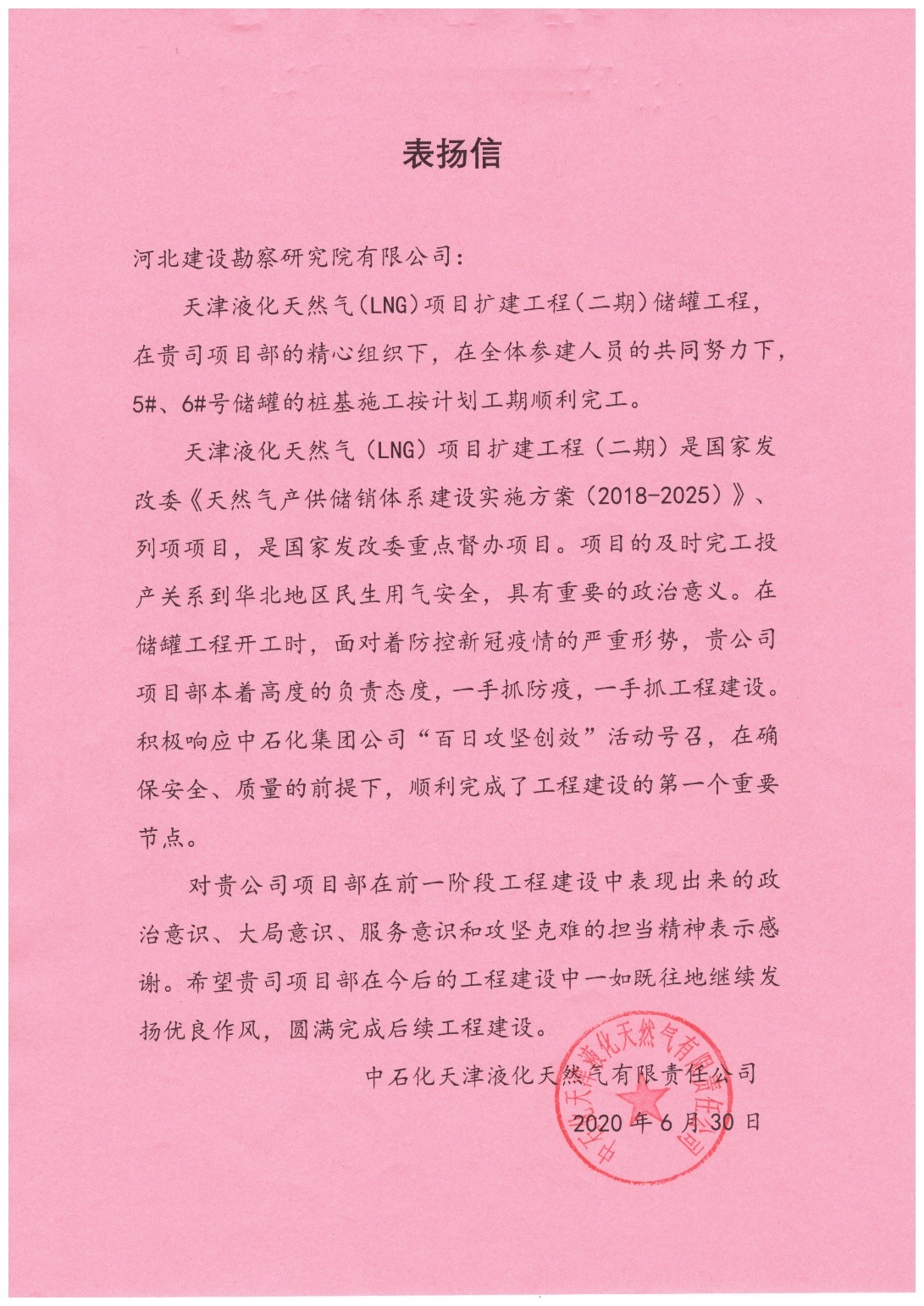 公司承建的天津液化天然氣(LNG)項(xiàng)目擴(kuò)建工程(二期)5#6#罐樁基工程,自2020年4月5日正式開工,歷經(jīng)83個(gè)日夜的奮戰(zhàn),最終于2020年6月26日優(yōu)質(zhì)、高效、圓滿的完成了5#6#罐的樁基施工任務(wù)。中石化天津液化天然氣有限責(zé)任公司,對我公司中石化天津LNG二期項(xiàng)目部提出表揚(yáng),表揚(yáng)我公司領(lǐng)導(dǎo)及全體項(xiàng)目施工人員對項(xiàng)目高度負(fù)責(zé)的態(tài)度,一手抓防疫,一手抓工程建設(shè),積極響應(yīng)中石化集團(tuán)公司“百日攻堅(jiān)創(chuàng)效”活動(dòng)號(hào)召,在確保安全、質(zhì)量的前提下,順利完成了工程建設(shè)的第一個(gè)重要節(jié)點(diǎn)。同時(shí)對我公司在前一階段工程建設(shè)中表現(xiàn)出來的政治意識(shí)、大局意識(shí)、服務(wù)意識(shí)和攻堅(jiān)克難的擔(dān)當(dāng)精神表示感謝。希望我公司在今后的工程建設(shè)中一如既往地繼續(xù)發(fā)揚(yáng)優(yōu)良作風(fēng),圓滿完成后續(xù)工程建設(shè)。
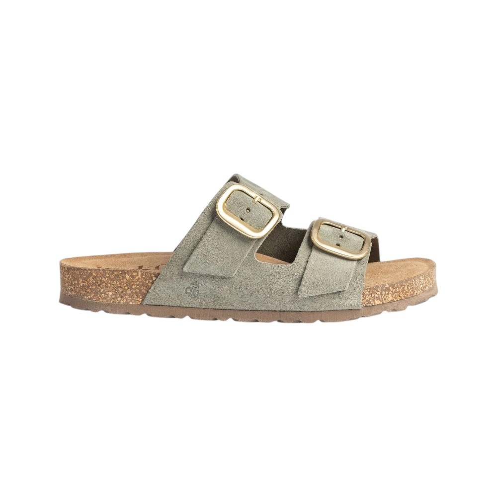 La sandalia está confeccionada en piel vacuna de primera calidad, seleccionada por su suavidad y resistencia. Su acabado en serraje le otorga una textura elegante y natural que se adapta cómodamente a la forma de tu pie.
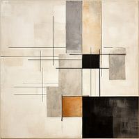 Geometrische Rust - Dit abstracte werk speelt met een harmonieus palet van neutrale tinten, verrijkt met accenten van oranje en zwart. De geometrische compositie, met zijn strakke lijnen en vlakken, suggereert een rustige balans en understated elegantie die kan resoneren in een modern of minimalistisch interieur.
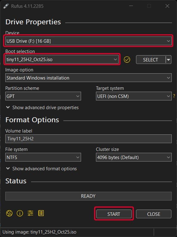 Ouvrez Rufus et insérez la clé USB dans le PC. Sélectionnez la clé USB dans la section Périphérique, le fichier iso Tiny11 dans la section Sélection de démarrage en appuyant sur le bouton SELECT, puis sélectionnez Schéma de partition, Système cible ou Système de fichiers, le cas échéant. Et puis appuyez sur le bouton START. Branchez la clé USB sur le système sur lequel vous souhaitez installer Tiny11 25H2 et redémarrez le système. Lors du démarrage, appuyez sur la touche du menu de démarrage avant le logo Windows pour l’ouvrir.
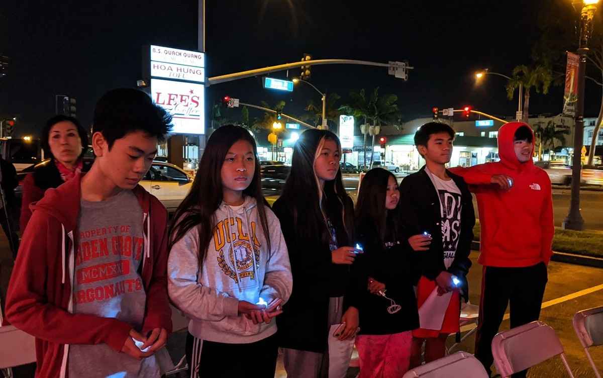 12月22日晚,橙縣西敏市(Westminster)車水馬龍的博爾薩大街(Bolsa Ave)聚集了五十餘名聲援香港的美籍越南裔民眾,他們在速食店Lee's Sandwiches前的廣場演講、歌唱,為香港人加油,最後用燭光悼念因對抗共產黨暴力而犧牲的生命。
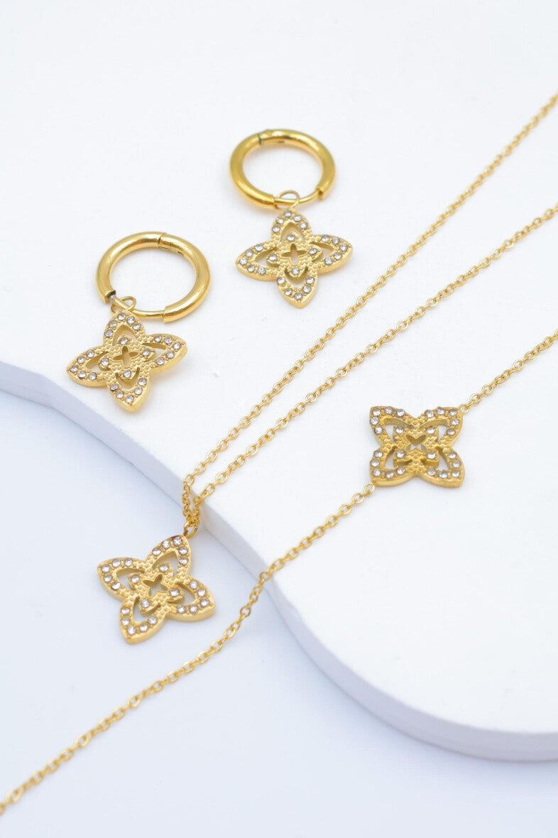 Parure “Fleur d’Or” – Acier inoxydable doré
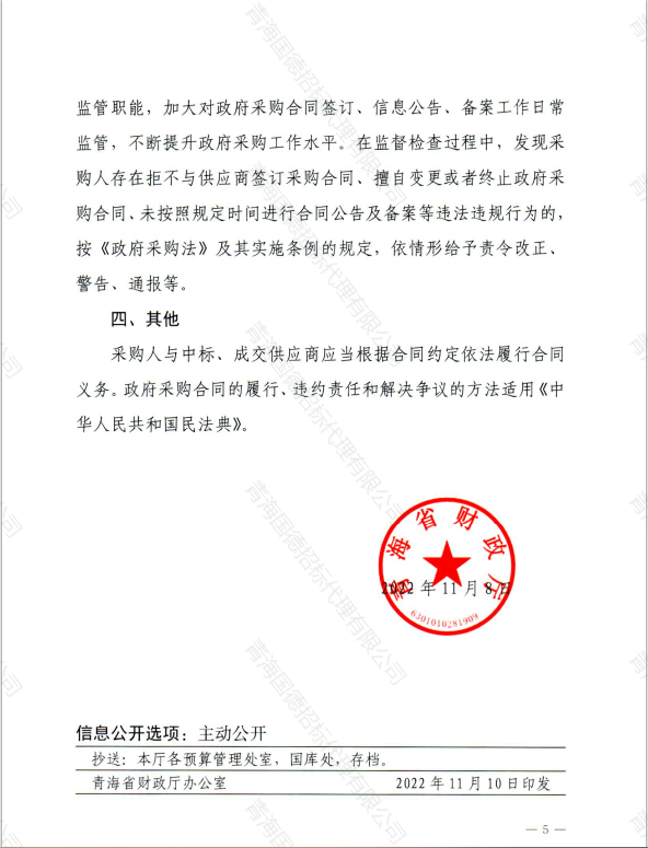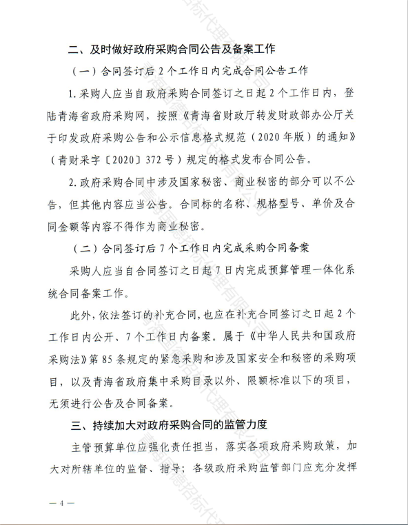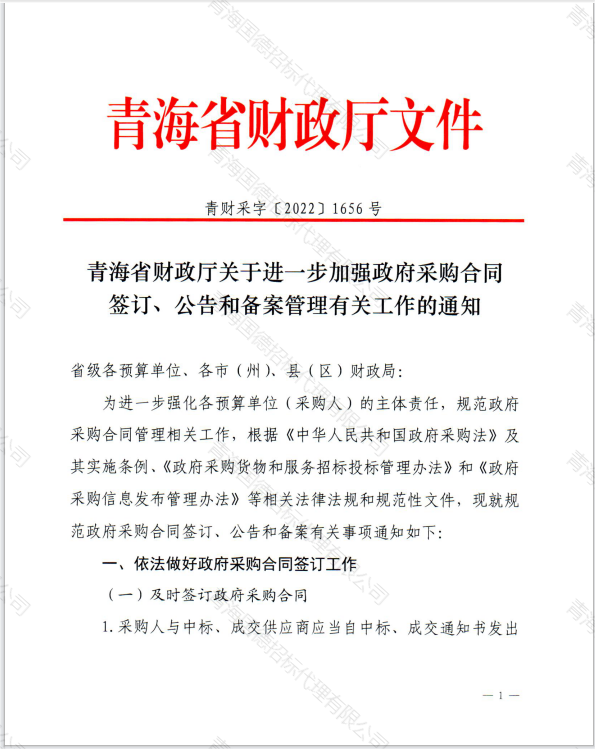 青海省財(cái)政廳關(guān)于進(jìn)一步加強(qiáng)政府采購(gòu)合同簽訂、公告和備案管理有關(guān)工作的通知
---
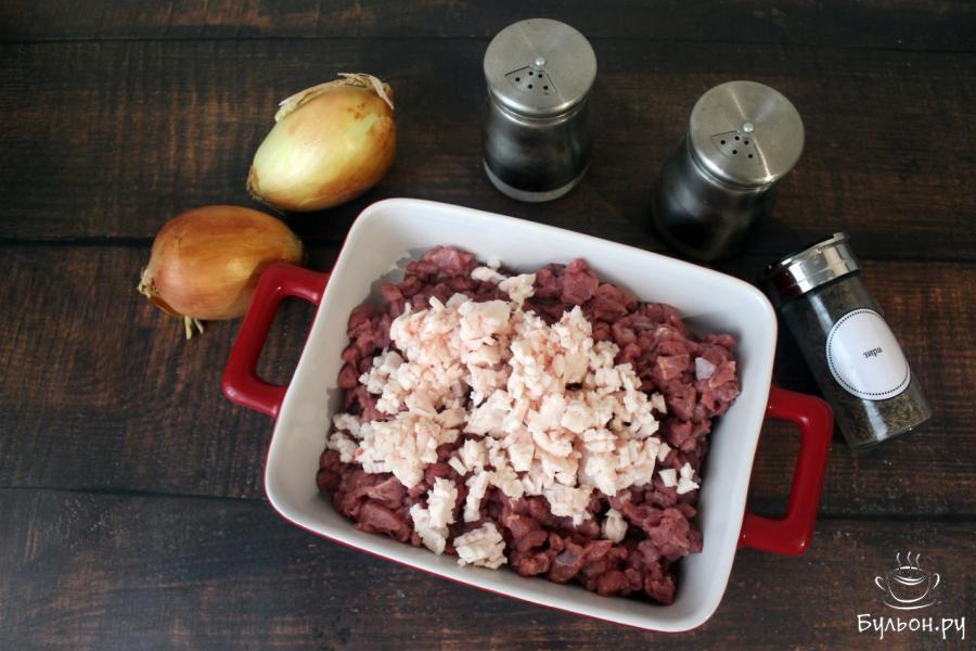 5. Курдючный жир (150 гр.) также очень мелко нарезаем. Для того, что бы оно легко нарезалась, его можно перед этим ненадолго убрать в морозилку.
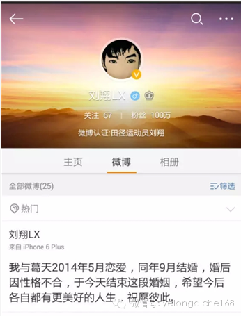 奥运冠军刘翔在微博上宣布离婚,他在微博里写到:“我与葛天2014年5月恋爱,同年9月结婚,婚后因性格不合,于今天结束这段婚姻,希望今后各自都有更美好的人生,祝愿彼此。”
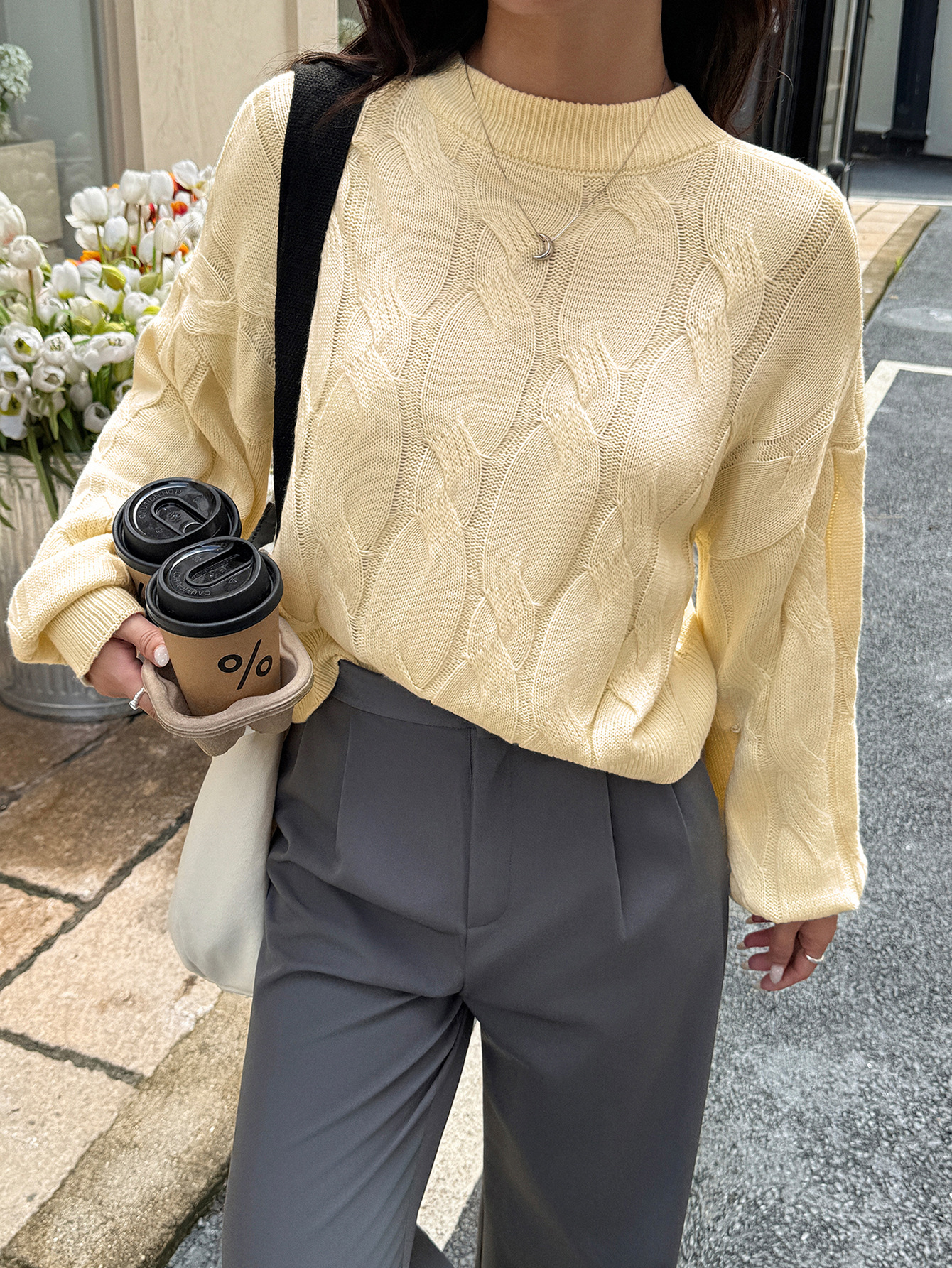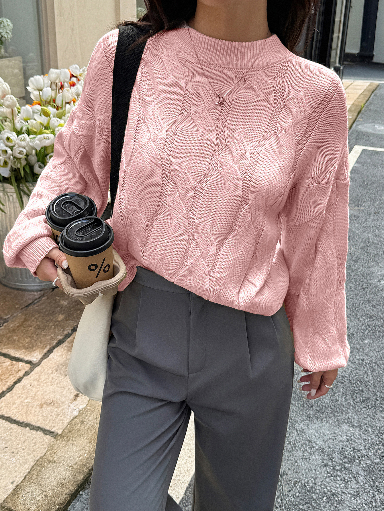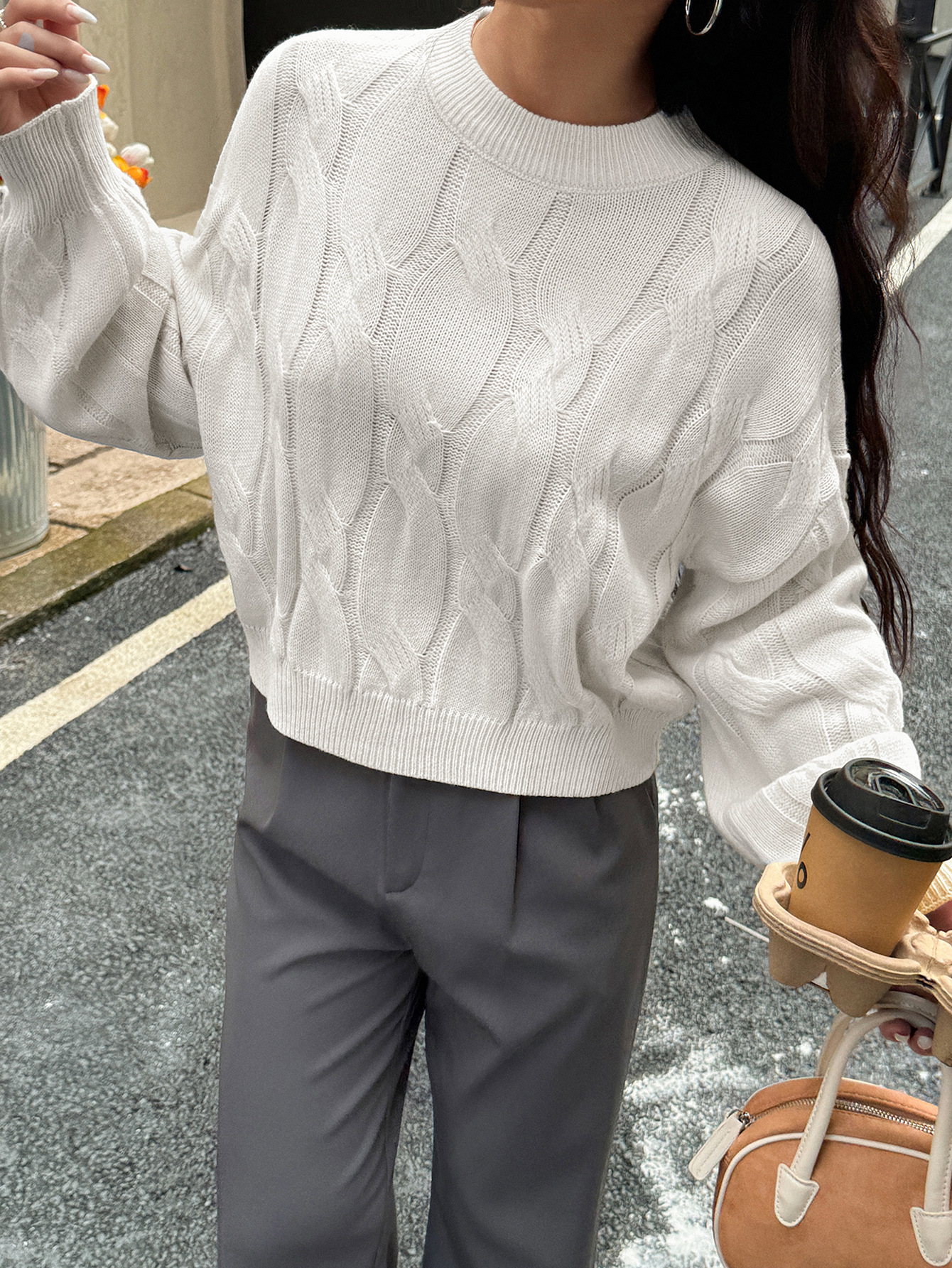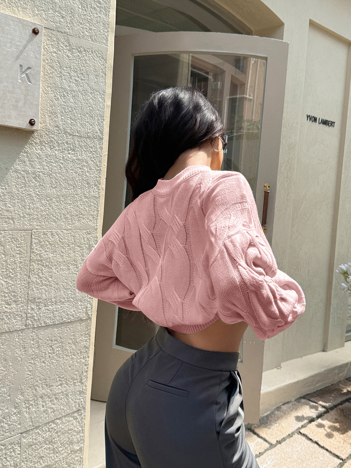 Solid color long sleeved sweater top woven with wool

* EXERCISE BRIEF *
Start at the line above containing "Geometrische Rust - Dit" and stop at the line containing "青海省財(cái)政廳關(g": print those lines and everything between them exactly, but not the pictures.

* EXERCISE RESULT *
 Geometrische Rust - Dit abstracte werk speelt met een harmonieus palet van neutrale tinten, verrijkt met accenten van oranje en zwart. De geometrische compositie, met zijn strakke lijnen en vlakken, suggereert een rustige balans en understated elegantie die kan resoneren in een modern of minimalistisch interieur.
 Ouvrez Rufus et insérez la clé USB dans le PC. Sélectionnez la clé USB dans la section Périphérique, le fichier iso Tiny11 dans la section Sélection de démarrage en appuyant sur le bouton SELECT, puis sélectionnez Schéma de partition, Système cible ou Système de fichiers, le cas échéant. Et puis appuyez sur le bouton START. Branchez la clé USB sur le système sur lequel vous souhaitez installer Tiny11 25H2 et redémarrez le système. Lors du démarrage, appuyez sur la touche du menu de démarrage avant le logo Windows pour l’ouvrir.
 12月22日晚,橙縣西敏市(Westminster)車水馬龍的博爾薩大街(Bolsa Ave)聚集了五十餘名聲援香港的美籍越南裔民眾,他們在速食店Lee's Sandwiches前的廣場演講、歌唱,為香港人加油,最後用燭光悼念因對抗共產黨暴力而犧牲的生命。
 Parure “Fleur d’Or” – Acier inoxydable doré
 青海省財(cái)政廳關(guān)于進(jìn)一步加強(qiáng)政府采購(gòu)合同簽訂、公告和備案管理有關(guān)工作的通知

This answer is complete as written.